Peki, evhamdan kurtulmak için ne yapmalı?
   Kurtlar sisli havayı sevdiği gibi, şeytan da içe kapanık, aşırı duyarlı, karamsar ve topluma küskün kimseleri sever ve onların evham duygularına yüklediği programlarla (dürtüleriyle) onları etkisi altına almaya çalışır.
   Eğer insan evham duygusuna olumlu güzel programlar yüklemez yani güzel şeyler düşünmezse, şeytanın kafasına taktığı (yüklediği) olumsuz ve karamsar programlarla (dürtülerle) uğraşma zorunluluğunda kalır ve kolay kolay bunları kafasından söküp atamaz.
   Aşırı duyarlı kimseler bu duruma gelmemek için evham duygularına sürekli olumlu programlar yüklemeli (güzel şeyler düşünmeli), toplumdan kopmayıp sevdiği kişilerle görüşmeli, gülümseyip konuşmalı ve boş durmayıp ya dünya ya da âhiret için bir şeyler yapmalıdır. Ayrıca,
Yüce Allah buyuruyor:
   (Ya Muhammed!) De ki: Rabbim! Şeytanların vesvese (dürtü) lerinden sana sığınırım. Ve Rabbim! Onların yanımda bulunmalarından da sana sığınırım. (Mü’minûn – 97 – 98 )
   Tıb, genelde iki bölümden oluşur; koruyucu hekimlik ve tedavi hekimliği. Koruyucu hekimlik ne kadar başarılı olursa, tedavi hekimliğinin yükü o kadar hafifler ve hatta gerek bile kalmaz.
   İşte şeytanın dürtülerine karşı en etkili koruyucu âyetlerden biri de bu âyetlerdir.
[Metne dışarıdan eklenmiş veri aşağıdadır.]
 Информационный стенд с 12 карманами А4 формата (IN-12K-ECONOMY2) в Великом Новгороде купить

Sabah-akşam bu âyetleri Kur’an’daki aslından okuyan kimseye şeytan vesvese veremez ve yanına bile yaklaşamaz. Ayrıca sabah namazı ile yatsı namazından sonra Âyet-el-Kürsî, İhlâs, Felâk ve Nâs sûrelerini okuyanlara da şeytanlar, cinler yaklaşamaz ve büyücüler hiçbir zarar veremez.
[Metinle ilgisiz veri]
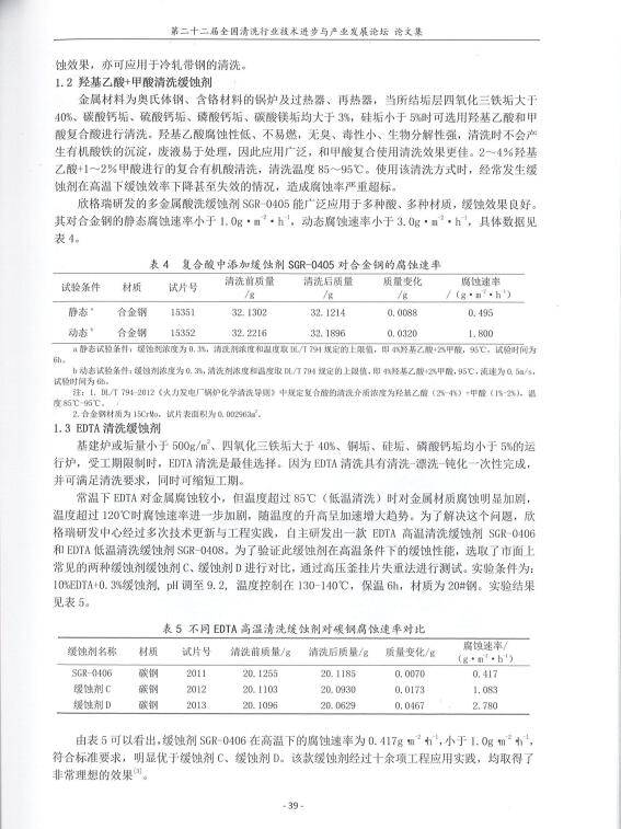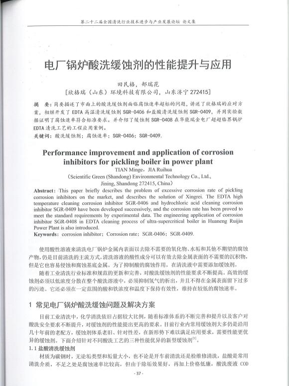 電廠鍋爐酸洗緩蝕劑的性能提升與應用

   Eğer alınan bu önlemlere rağmen şeytan bir açık bulup yine vesvese (dürtü) verirse,
Yüce Allah buyuruyor:
Eğer şeytandan sana bir vesvese gelirse, hemen Allah’a sığın
(“Euzü billahi mine’ş-şeytânirracîm” de). Çünkü O (Allah) her şeyi işitendir, bilendir. (Fussilet – 36 )
   Şeytandan bir dürtü geldiği zaman, hemen “Eûzü billahi mine’şşeytânirracîm” diye, Allah’ın rahmetinden kovulmuş (lânetlenmiş) olan şeytanın şerrinden Allah’a sığınmalı ve hafif sesle en az yedi defa bunu tekrarlamalıdır.
   Şeytanın dürtülerini (sessiz fısıltılarını) duymamak için mutlaka bir şeyle oyalanmalı ve îmanla ilgili olumsuz soru işaretlerine, atalarımızın “İt ürür, kervan yürür” sözünü uygulamalı yani şeytan ürüse de kesinlikle ona muhatab olmamalıdır.